The Kafka outbox pattern is surprisingly difficult to get right, despite its simple promise: ensuring that when a database transaction commits, a corresponding event is reliably published to Kafka.
Let’s see it in action. Imagine we have a users table and we want to publish a UserCreated event whenever a new user is inserted.
-- Our user table
CREATE TABLE users (
id UUID PRIMARY KEY,
email VARCHAR(255) UNIQUE NOT NULL,
created_at TIMESTAMP WITH TIME ZONE DEFAULT CURRENT_TIMESTAMP
);
-- Our outbox table
CREATE TABLE outbox_events (
id UUID PRIMARY KEY,
aggregate_type VARCHAR(50) NOT NULL,
aggregate_id UUID NOT NULL,
event_type VARCHAR(50) NOT NULL,
payload JSONB NOT NULL,
created_at TIMESTAMP WITH TIME ZONE DEFAULT CURRENT_TIMESTAMP,
published_at TIMESTAMP WITH TIME ZONE NULL
);
Now, when a user is created, we do two things within a single database transaction:
-- Start transaction
BEGIN;
-- Insert into users table
INSERT INTO users (id, email) VALUES ('a1b2c3d4-e5f6-7890-1234-567890abcdef', 'test@example.com');
-- Insert into outbox table
INSERT INTO outbox_events (id, aggregate_type, aggregate_id, event_type, payload)
VALUES (gen_random_uuid(), 'User', 'a1b2c3d4-e5f6-7890-1234-567890abcdef', 'UserCreated', '{"email": "test@example.com"}');
-- Commit transaction
COMMIT;
The magic happens with a separate process that monitors the outbox_events table. This process, often a Kafka Connect connector or a custom application, reads events where published_at is null, publishes them to Kafka, and then updates published_at to mark them as sent.
The core problem this pattern solves is the atomicity of database writes and message publishing. Without it, you might commit a user to the database but fail to publish the event (losing the event), or publish the event but fail to commit the user (resulting in an inconsistent state). The outbox pattern guarantees that both happen together, or neither does, by leveraging the database’s ACID properties. The database transaction ensures that the insertion into the users table and the outbox_events table are atomic.

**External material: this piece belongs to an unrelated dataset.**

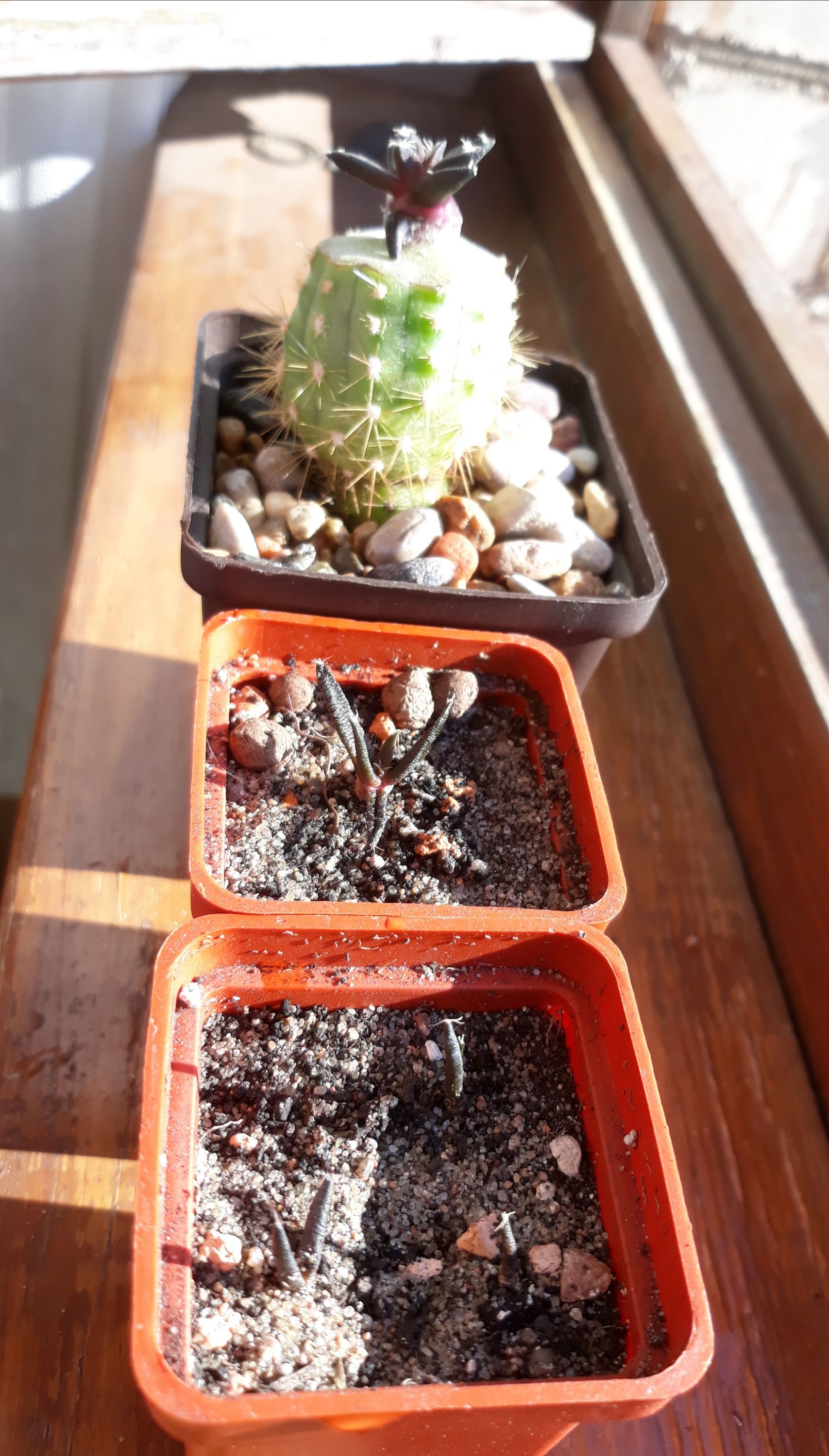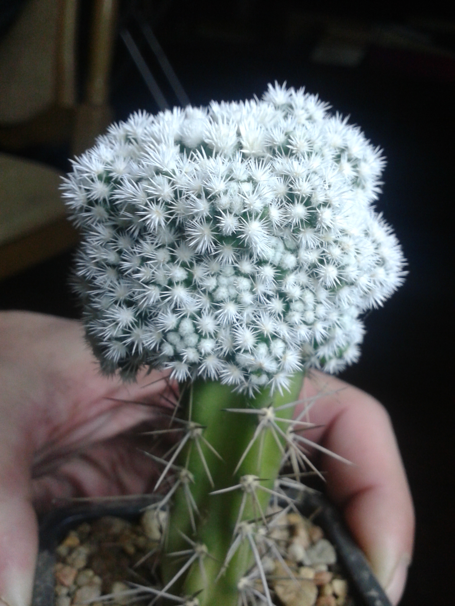 На зимовке подвой усыхать стал.Поставил в тепличку,полил-привой надулся-подвой-нет.Mammillaria gracilis Snow Cap.В то же время укоренённая детка так и осталась в 1см.

The separate publisher process then reliably picks up these "published but not yet sent" events.
The typical implementation involves a Change Data Capture (CDC) mechanism. Tools like Debezium are excellent for this. Debezium monitors the database’s transaction log (e.g., PostgreSQL’s Write-Ahead Log or WAL) and captures row-level changes. When a new row appears in outbox_events with published_at as NULL, Debezium sees this as an insert and can route it directly to Kafka. This decouples the database from directly interacting with Kafka, reducing complexity and potential failure points within the application transaction itself.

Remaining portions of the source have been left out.